À la mémoire de Jorge Léon (1948-2017)

En 1978, j’avais rencontré un étrange personnage qui naviguait entre l’anthropologie, l’histoire, la sociologie. Il était bien en avance de tout le monde, en tout cas de moi, qui peinait à me désengluer du marxisme primitif dont on avait hérité des pires années de l’Internationale. Il s’appelait Jorge Léon et il venait d’Équateur. Il travaillait dans un organisme de coopération internationale, et il sortait des sentiers balisés du « développement » qui, même dans ses versions de gauche, restait un horizon fermé, comme il le constatait pour Cuba ou la Chine. Il y avait peu de gens pour dire cela à cette époque.

Peu après, on s’est perdus de vue, Jorge ayant décidé de laisser le confort relatif du « nord » pour retourner dans son pays. Mais on s’est raccrochés, alors qu’il tentait de secouer la cage dans laquelle était enfermée la gauche sud-américaine, notamment face à la question autochtone qui était alors considérée comme un résidu d’une ancienne société révolue. La « révolution », pensait la gauche bien pensante, allait tout régler et mener les ouvriers au pouvoir, pour qu’ils puissent ensuite « civiliser » les autochtones et en même temps la masse paysanne subsistant dans la plus abjecte pauvreté. Bien avant le réveil autochtone 20 ans plus tard, Jorge avait perçu, sur les sillons du marxiste péruvien Carlos Mariategui, que ce matérialisme vulgaire ne menait nulle part. Dans notre correspondance, il m’expliquait que cette majorité autochtone-paysanne n’était pas « condamnée » par l’histoire, mais porteuse d’une projet d’émancipation authentique, tout en restant elle-même traversée de contradictions.

À Quito, il s’était attelé à mettre en place des espaces autonomes de réflexion, de recherche et d’enseignement pour les mouvements autochtones encore balbutiants. En 1990 lors d’un séjour en Équateur, j’avais été témoin de ce travail humble, très loin des insipides arrogances universitaires, loin également des schémas simplistes des partis de gauche équatoriens.

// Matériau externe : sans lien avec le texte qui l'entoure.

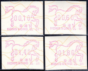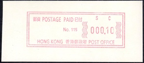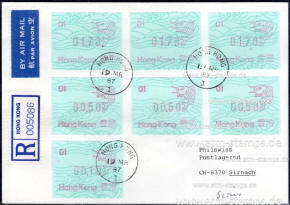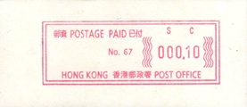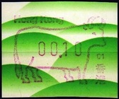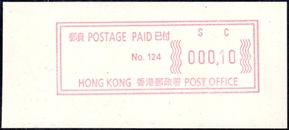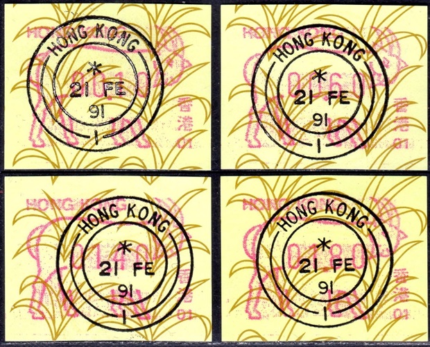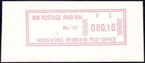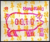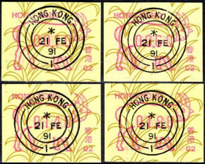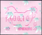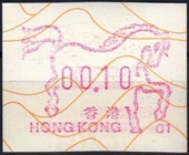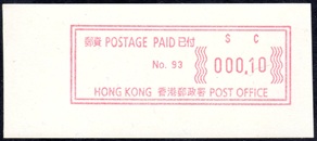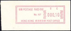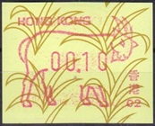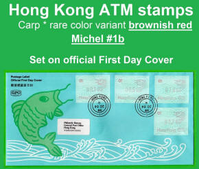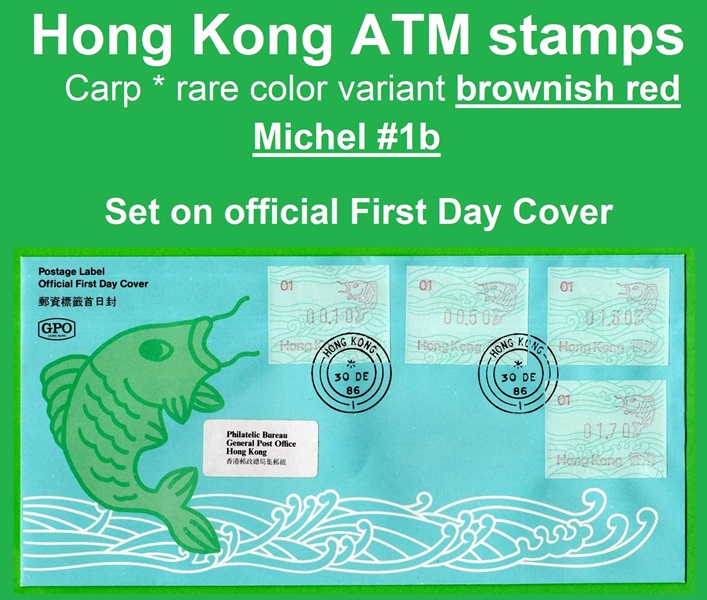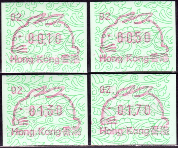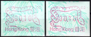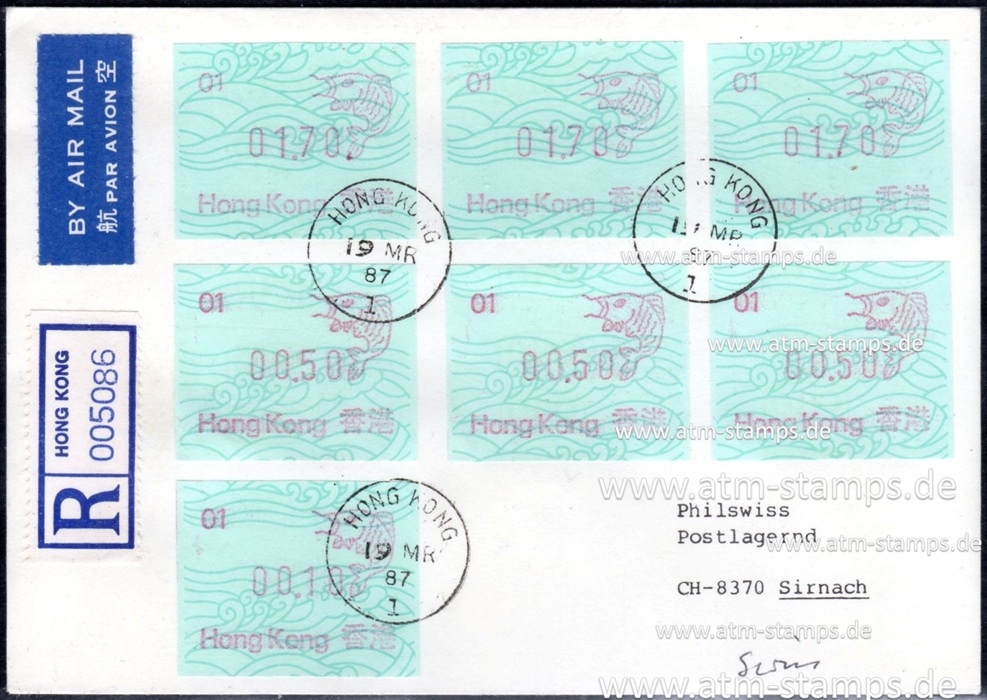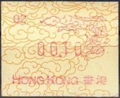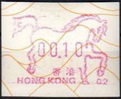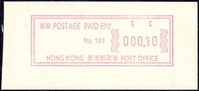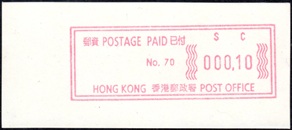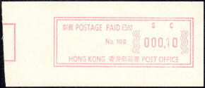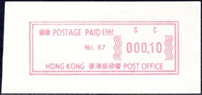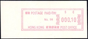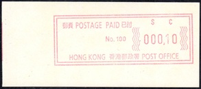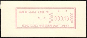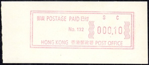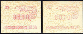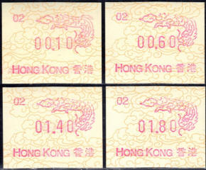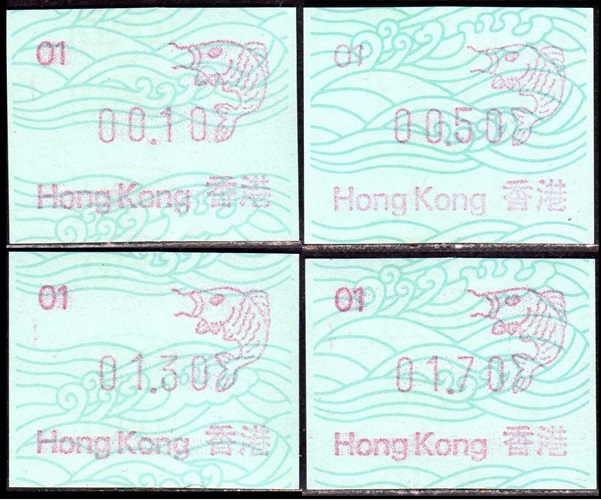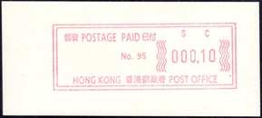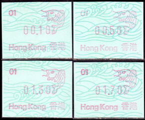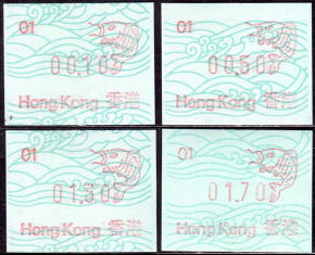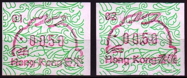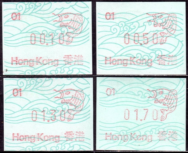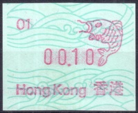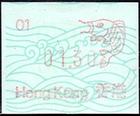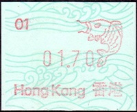 Die Postverwaltung von Hongkong gab 1986, noch als britische Kronkolonie, die erste Automatenmarke heraus. Das Markenmotiv zeigt einen Karpfen auf farbigen Markenpapier mit stilisierten Wellen. Das Vordruckpapier hat einen fluoreszierenden Sicherheitsaufdruck GPO Hong Kong und wurde im Offsetdruck von Leigh-Mardon, Australien hergestellt. Der einzige Ortsautomat des schweizer Herstellers Frama vom Typ FE264 war in der Hauptpost (GPO) installiert und hatte vier programmierte Tastenwertstufen 0.10, 0,50, 1.30, 1.70 ($) andere Wertstufen waren nicht möglich. Die Ausgabe war auch bei der Versandstelle erhältlich und amtliche FDC mit den vier Wertstufen wurde angeboten. Die Versandstelle verwendete Farbänder in der Farbe graulila (c) und im Standortautomaten wurden Farbbänder in der Farbe bräunlichrot (b) verwendet. |

Ailleurs dans le monde, on ignorait cette pensée créative et critique. Jorge écrivait en castillan, pour et dans les débats dans son pays, vivant dans une fragile précarité (il n’avait aucun poste permanent), appuyé par un réseau familial et amical tricoté serré.

Plus tard quand la « vague rose » est arrivée en Équateur et une bonne partie de l’Amérique du sud, il avait exprimé des réserves face au nouvel État enveloppé dans le drapeau du progressisme. Il ne pensait pas que le processus politique permettait une réelle appropriation par le peuple et un projet d’émancipation par en bas. Il avait des critiques face aux nouveaux dirigeants qui lui semblaient enfermés dans une vision technocratique et économiciste. Il avait refusé de devenir un faire-valoir du nouveau président qui ne voulait rien entendre de ses analyses, la plupart du temps constructives.

Il est revenu à Montréal en 2015. Il était déjà affaibli, mais il avait décidé de faire la guerre à la maladie. Il n’avait pas les moyens de trop se reposer, et il acceptait de prendre des charges de cours ici et là. Ce n’était pas facile, d’autant plus qu’il se retrouvait, plus souvent qu’autrement, devant une masse de profs infiniment moins qualifiés que lui, dont certains malheureux recyclés dans la pensée unique du néolibéralisme et du post-modernisme, incapables de contribuer à la construction de la pensée critique et encore moins, au travail discret et fondamental de l’éducation populaire.

Jorge savait que les intellectuels « de profession » étaient condamnés à l’insignifiance, à moins de faire la jonction avec les intellectuels « du peuple », organisateurs des luttes et des résistances. Pour lui, 442 conférences académiques produisaient moins de connaissances que des enquêtes avec et surtout pour les mouvements populaires, ce qu’il faisait sans arrogance et sans je-sais-tout-isme.

Il y a quelques semaines, avant son décès survenu il y a quelques jours, il me disait ne rien regretter d’avoir choisi les « chemins escarpés » de l’enquête et de la critique. Sa tête fonctionnait à plein régime alors que, visiblement, le corps glissait dans le néant.

Jorge sera toujours présent pour plusieurs d’entre nous.